Collected data

= Beginning of Section =

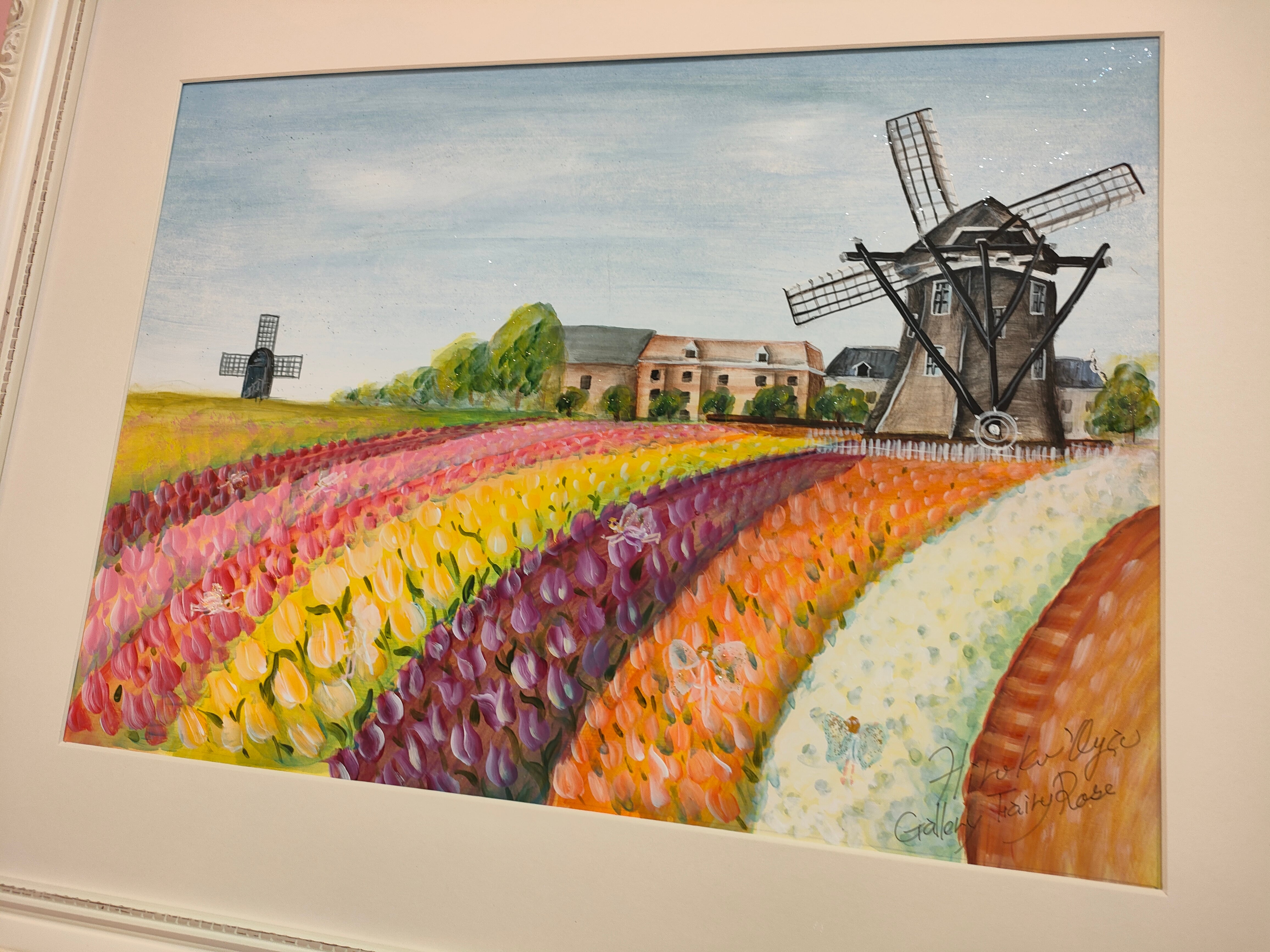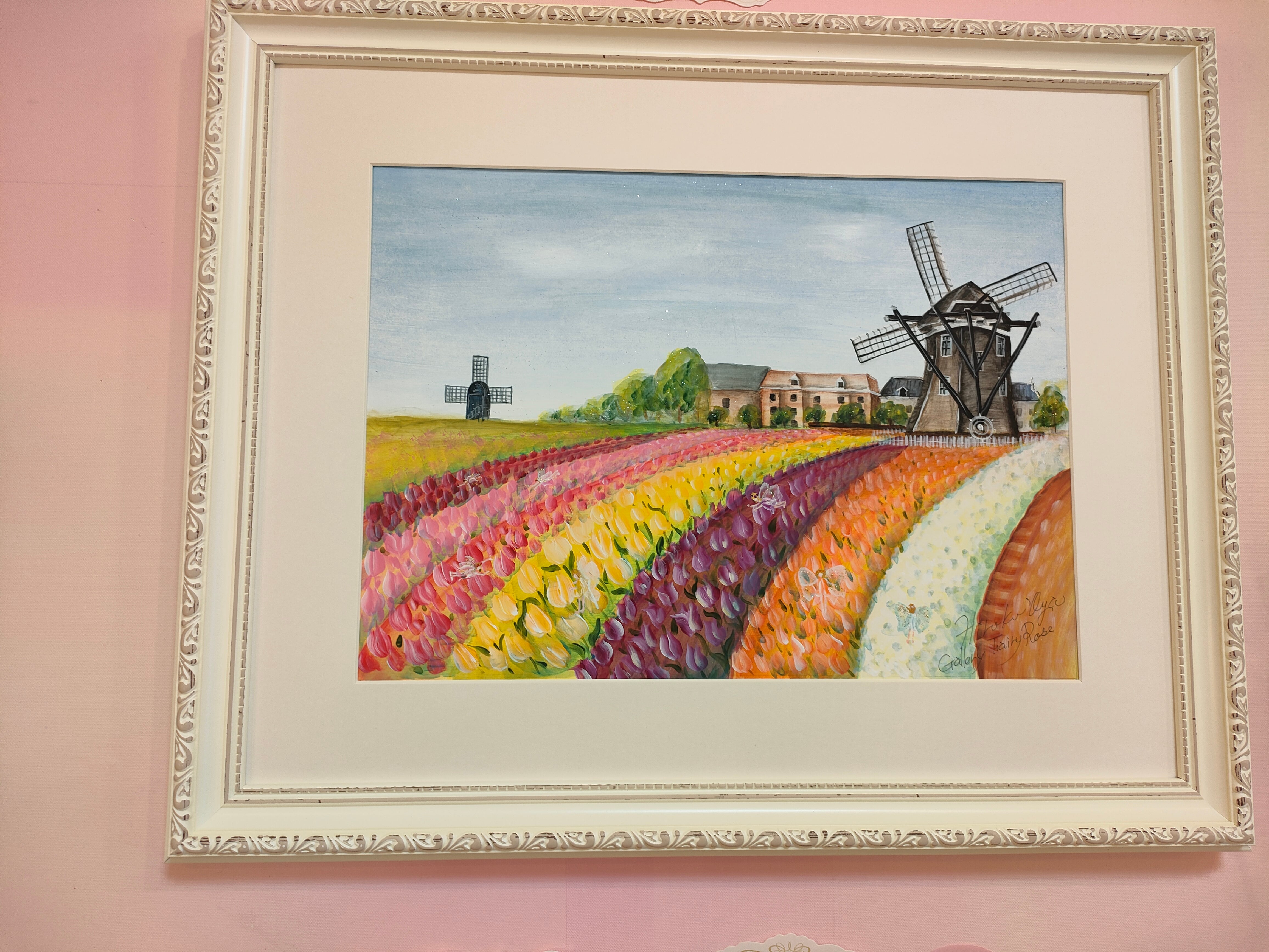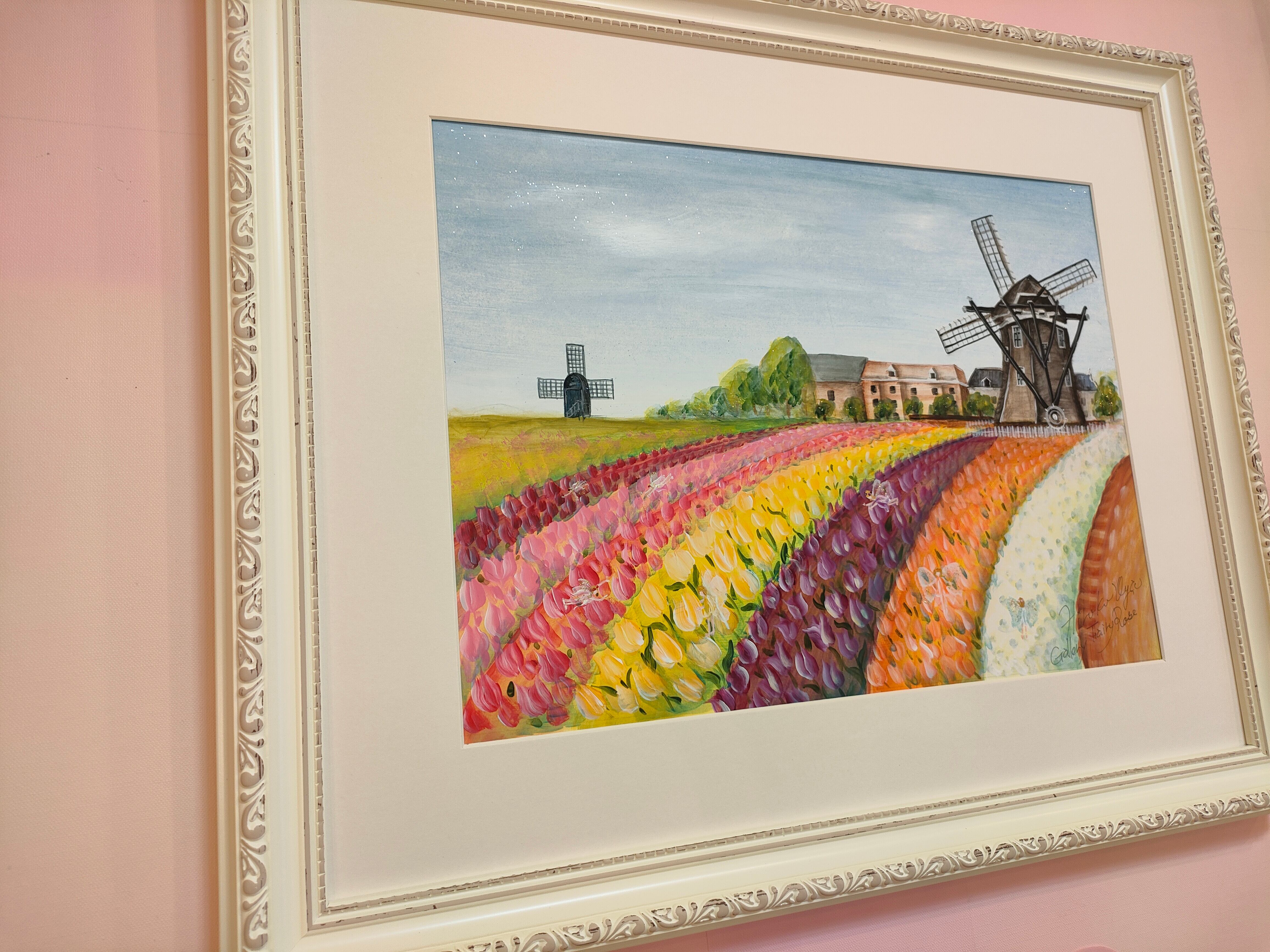 額付き!「春のハウステンボス チューリップと」画家:大宅広子 86
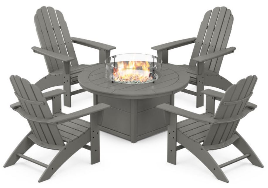 Includes (4) Vineyard Curveback Adirondack Chairs, (1) Round 48" Fire Pit Table, and (1) Fire Pit Table Cover
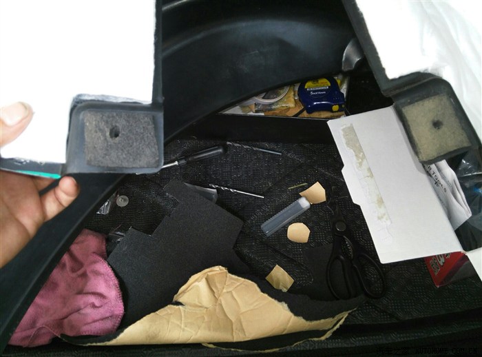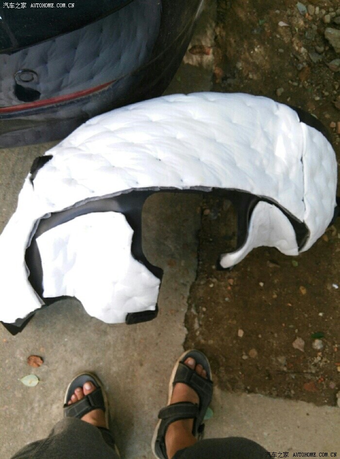 顺便说下这棉专业度是没别人原厂轮罩子里的好的 比如瑞虎5 这棉夹层丝棉很少也短 大部分是纸叠加在一起
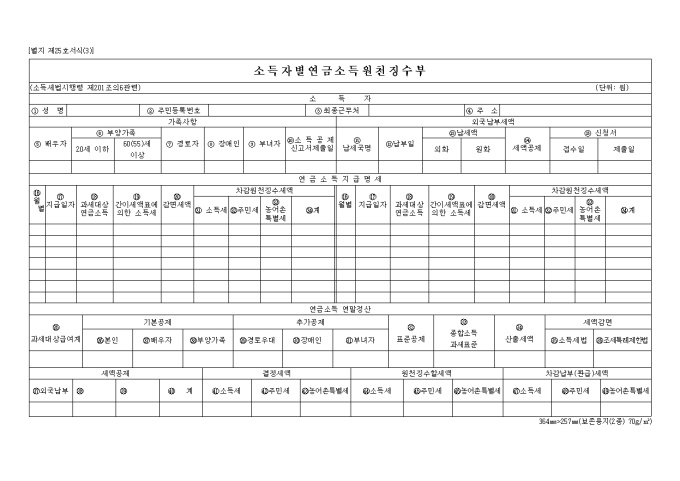 소득자별연금소득원천징수부 양식입니다.
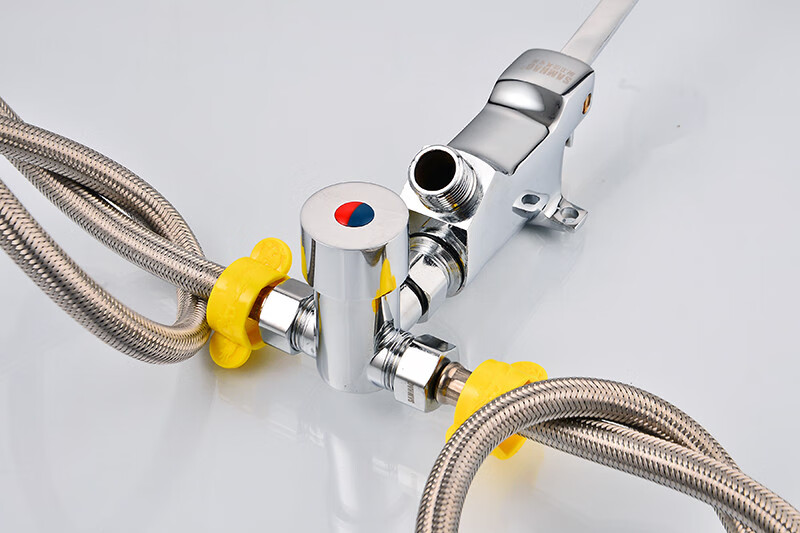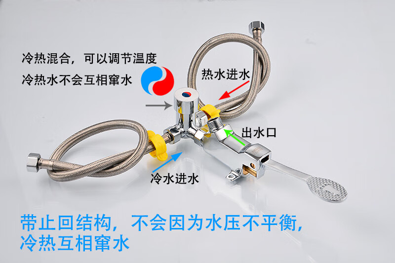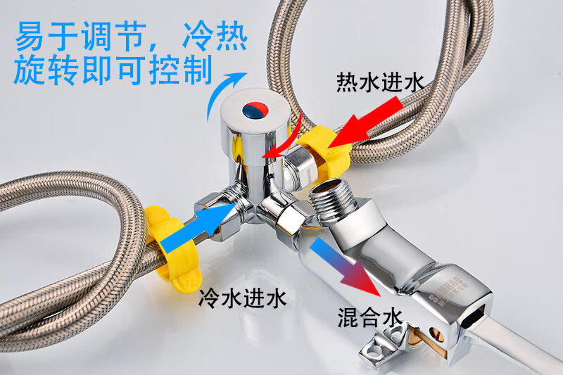 Moyi hot and cold water foot-operated faucet thermostat valve mixing valve three-way two-in and one-out all-copper regulating valve induction faucet single thermostat valve
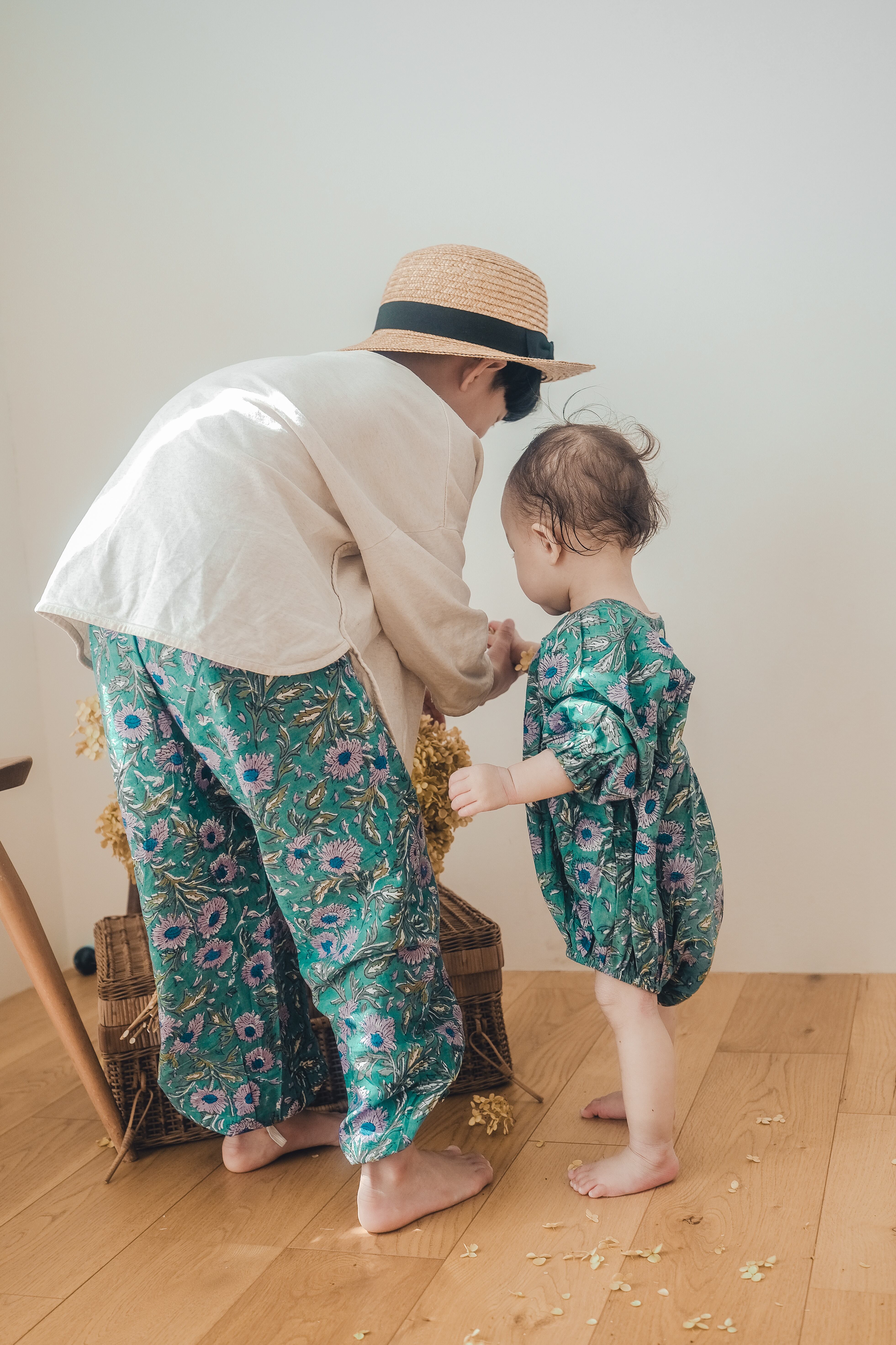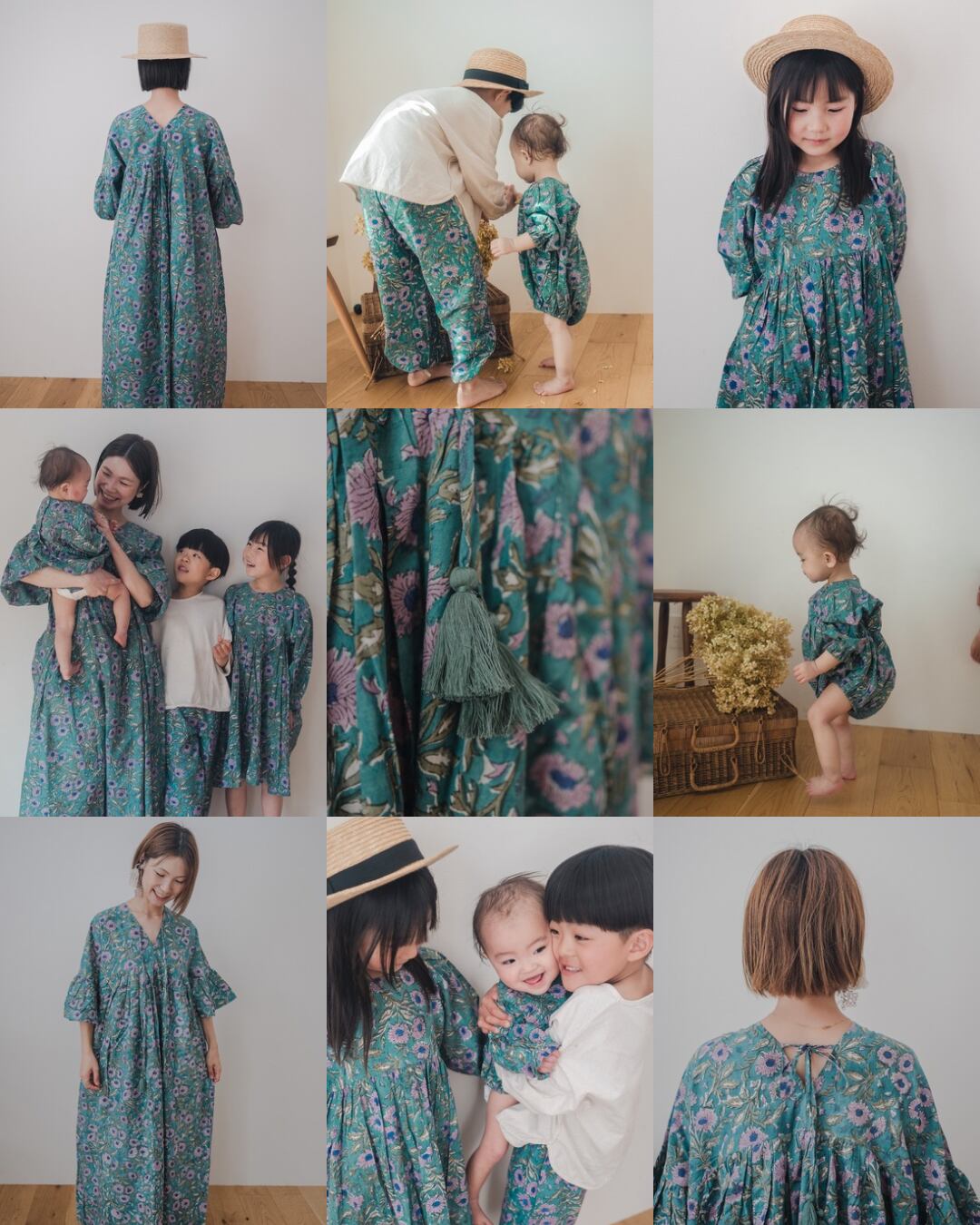 落ち着いたグリーンは、大人服との相性も良く、リンクコーデに取り入れやすいカラーです。

= End of Section =

■ **Work to be completed**:
Each record should be written out exactly, and each image should be omitted.

■ **Exercise solution**:
 額付き!「春のハウステンボス チューリップと」画家:大宅広子 86
 Includes (4) Vineyard Curveback Adirondack Chairs, (1) Round 48" Fire Pit Table, and (1) Fire Pit Table Cover
 顺便说下这棉专业度是没别人原厂轮罩子里的好的 比如瑞虎5 这棉夹层丝棉很少也短 大部分是纸叠加在一起
 소득자별연금소득원천징수부 양식입니다.
 Moyi hot and cold water foot-operated faucet thermostat valve mixing valve three-way two-in and one-out all-copper regulating valve induction faucet single thermostat valve
 落ち着いたグリーンは、大人服との相性も良く、リンクコーデに取り入れやすいカラーです。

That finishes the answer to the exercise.